Thursday, August 26, 2010

Being Eaten Alive

Editor's note: I'm talking to myself here, too, lest you think I'm preaching without realizing this applies to me, too.

Have you ever noticed, when you are REALLY angry with someone, that when you finally come clean with them, whether it be minutes, hours, days or years later, that the other person often

1) had no idea you were mad/had no idea why you were mad
2) wasn't even aware that you were giving them the cold shoulder
3) didn't lose any sleep over what you considered grudge worthy*

Doesn't that just burn your butt? I know it does mine.

But it also is a gentle reminder that, unless you are willing to communicate with people and be honest, people can't read your mind.

Honestly, you wouldn't want them all up in your cranium most of the time, anyway**. But, that's the only way some people could honestly know what's bugging you about them and your oh-so-wrong behavior.

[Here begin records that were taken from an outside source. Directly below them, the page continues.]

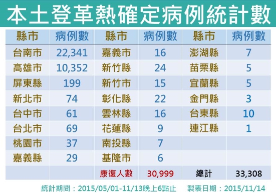 自入夏以來全國本土病例累積33,308例,台南市佔22,341例、高雄市佔10,352例、屏東縣佔199例,其餘縣市均為移入之散發疫情。昨日新增3例疑似登革熱死亡個案,目前累計死亡人數150人(台南市111例、高雄市37例、屏東縣2例),31例疑似死亡病例待審(高雄市24例、台南市6例、屏東縣1例),全國仍有34人於加護病房治療。這波疫情已有30,999名確診病患康復,康復率93.1%。
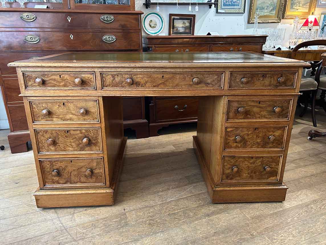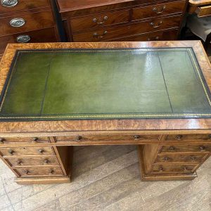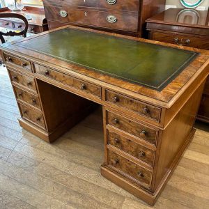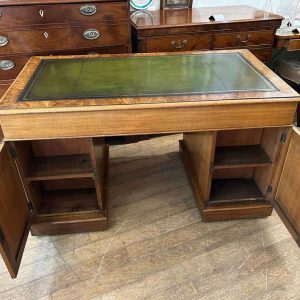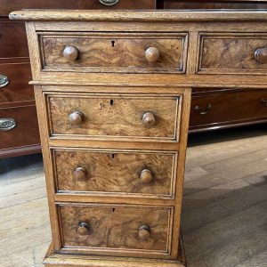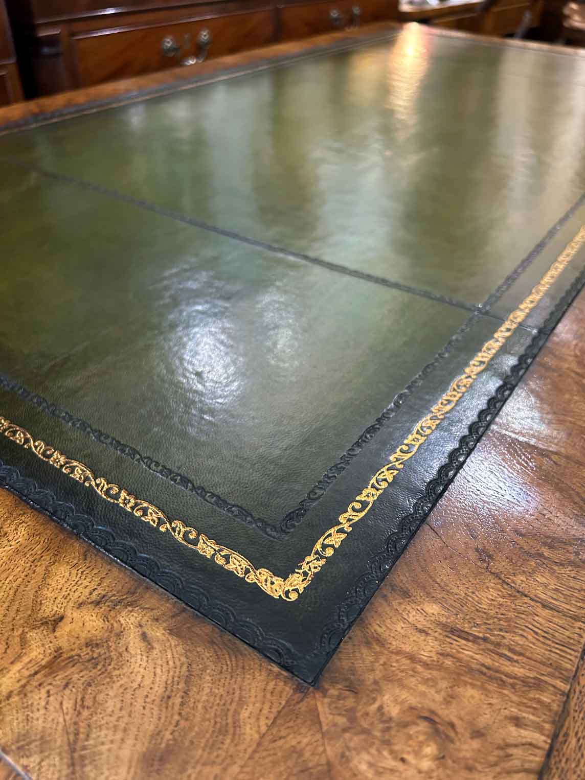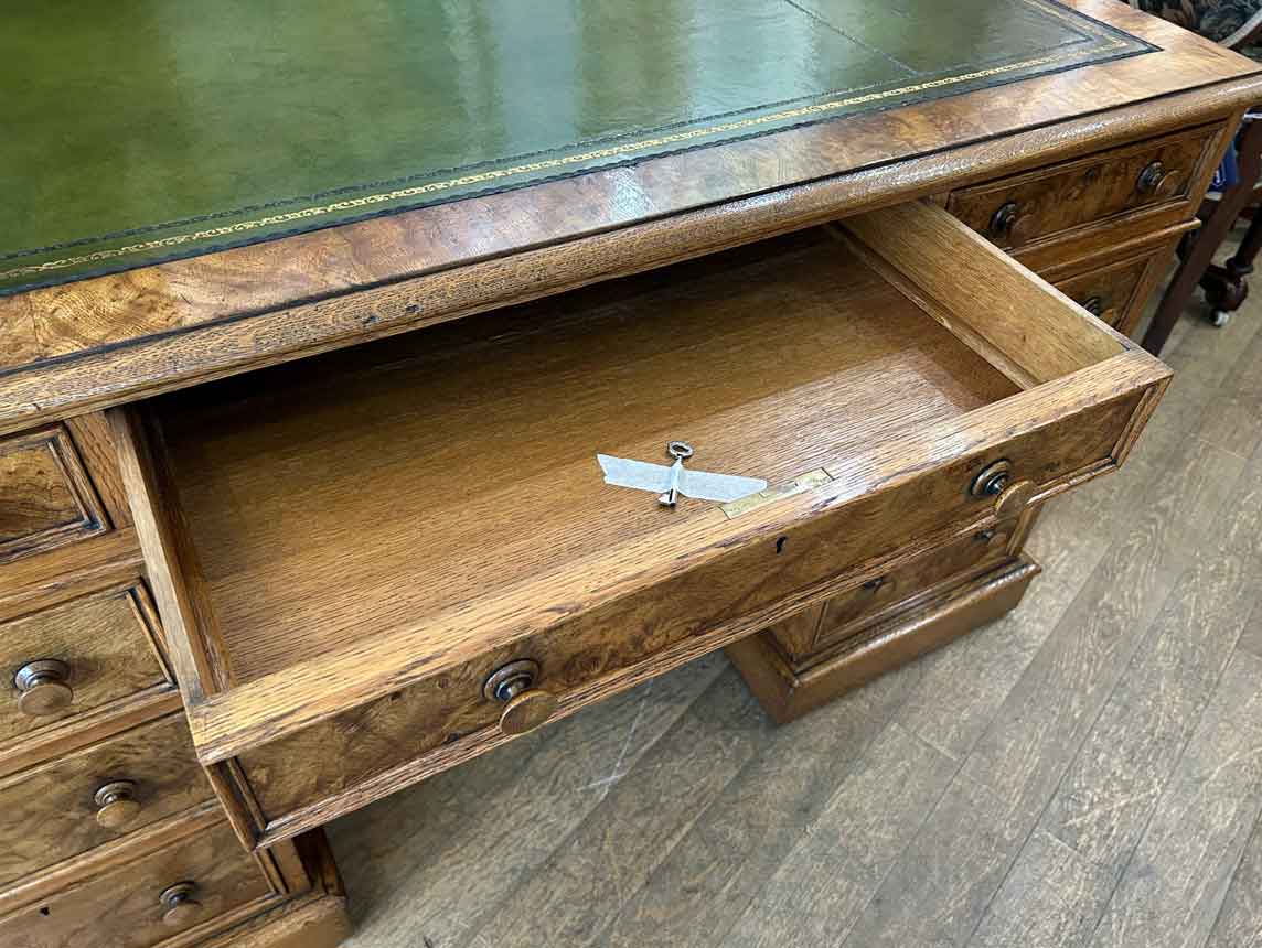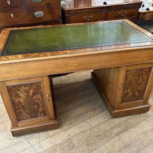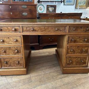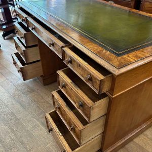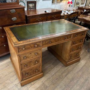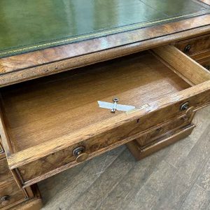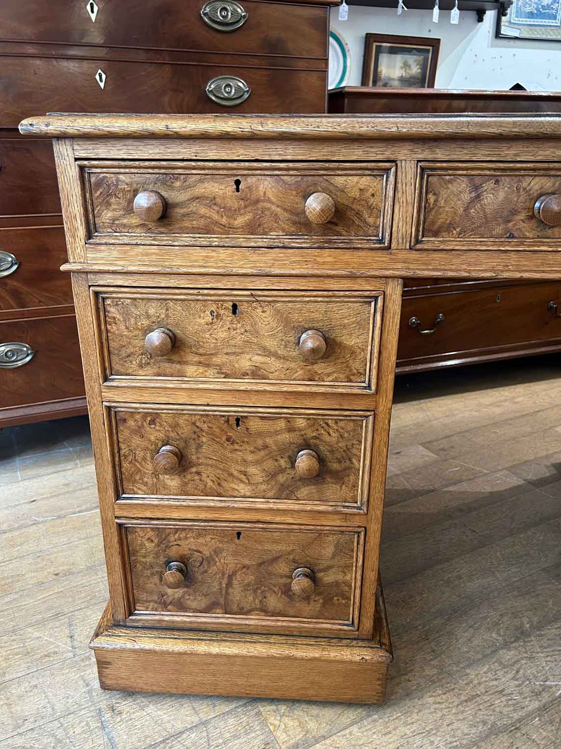 A very high quality Pollard Oak Partners Pedestal Desk with tooled leathered writing surface. Above 9 drawers and 2 cupboards with solid oak lined drawers and original bun handles on plinth base. Comes apart in three separate sections.
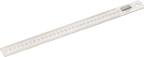 This is 500mm Steel Metric Ruler manufactured by SAM. The manufacturer part number is 781-5R. It is available in metric package. A quality product with a nice satin finish. It has a folding feature no . The product is made from highly stable and reliable steel. Furthermore, the product is 300mm wide. Its accurate length is 500mm. It is flexible no .
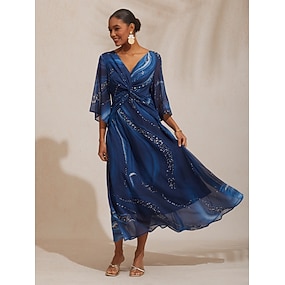 kvinnors bröllopsgäst cocktailklänning chiffong vanlig volang vriden elegant sommar maxiklänning v-ringad utsvängd 3/4 lång ärm
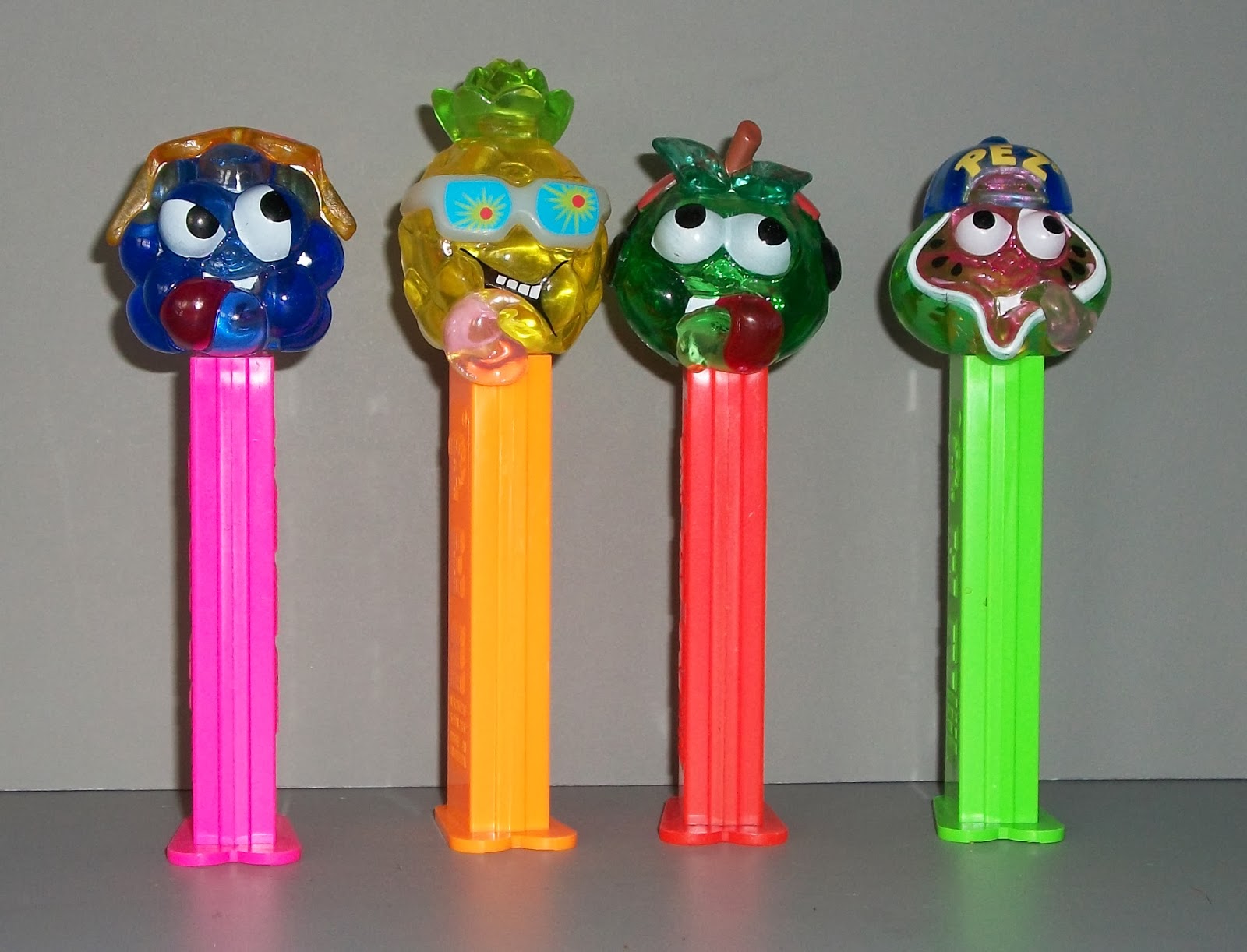 Sourz fruits são quatro Dispensadores PEZ em que as Heads são frutos desenhados pela marca. Blue Raspberry (Framboesa), Green Apple (Maça Verde), Pineapple (Ananás) e Watermelon (Melancia), surgiram no Verão de 2002 e no ano seguinte foram criadas variações em Cristal transparente e colorido. Não serão os Dispensadores mais apreciados de sempre, mas a estranheza das figuras tornam-nos interessantes para qualquer coleccionador! :-)

And, unless you are willing to go all John Travolta and live in a bubble for most of your life, you are going to run across people who are going to say or do things that aren't going to sit well with you. And, because you are closest to them, they are likely going to be close friends and family.

In my experience, most people aren't out to intentionally harm anyone. They don't wake up thinking of insults or making up gossip about others or trying to figure out how to steal someone else's spouse. In fact, most of the time when people say or do something that you consider an offense, they didn't even know they were doing anything wrong. But, we are all human and we all make mistakes. And, sometimes, those mistakes are going to get under your skin.

That's where forgiveness comes in. In order to get to the point where you can be honest with someone and let them know you were hurt, first you have to have some vague idea that you are willing to forgive them. Then, you can approach them knowing that, even if they aren't one bit apologetic, you've done your part to move past the breach.

Life is complicated. So are people. We deal with past hurts, failures, and experiences every day. And sometimes we are let down by those we love.

But, it is incumbent on us to figure out how to live in this world, trust others (even if they hurt us), and forgive.

If we refuse to do this, we might as well go ahead and order that bubble.



*And over which you had lost tons of sleep and spent so much time worrying that you start dreaming about said incident. ARGH.

**Earlier today, had you been in my mind around 5:30pm, you would have experienced the following (in technicolor): "I'm tired. Why isn't there a "instant dinner" button in my kitchen, attached to the microwave? That reminds me of Jane Jetson. She had one of those cool buttons AND perfect hair AND a cute, hour glass figure, even after giving birth to two kids eons apart! I think I just developed a minor hatred toward that woman. Why isn't some scientist on this button thing? Like now. (minor time gap) I'm soooo tired."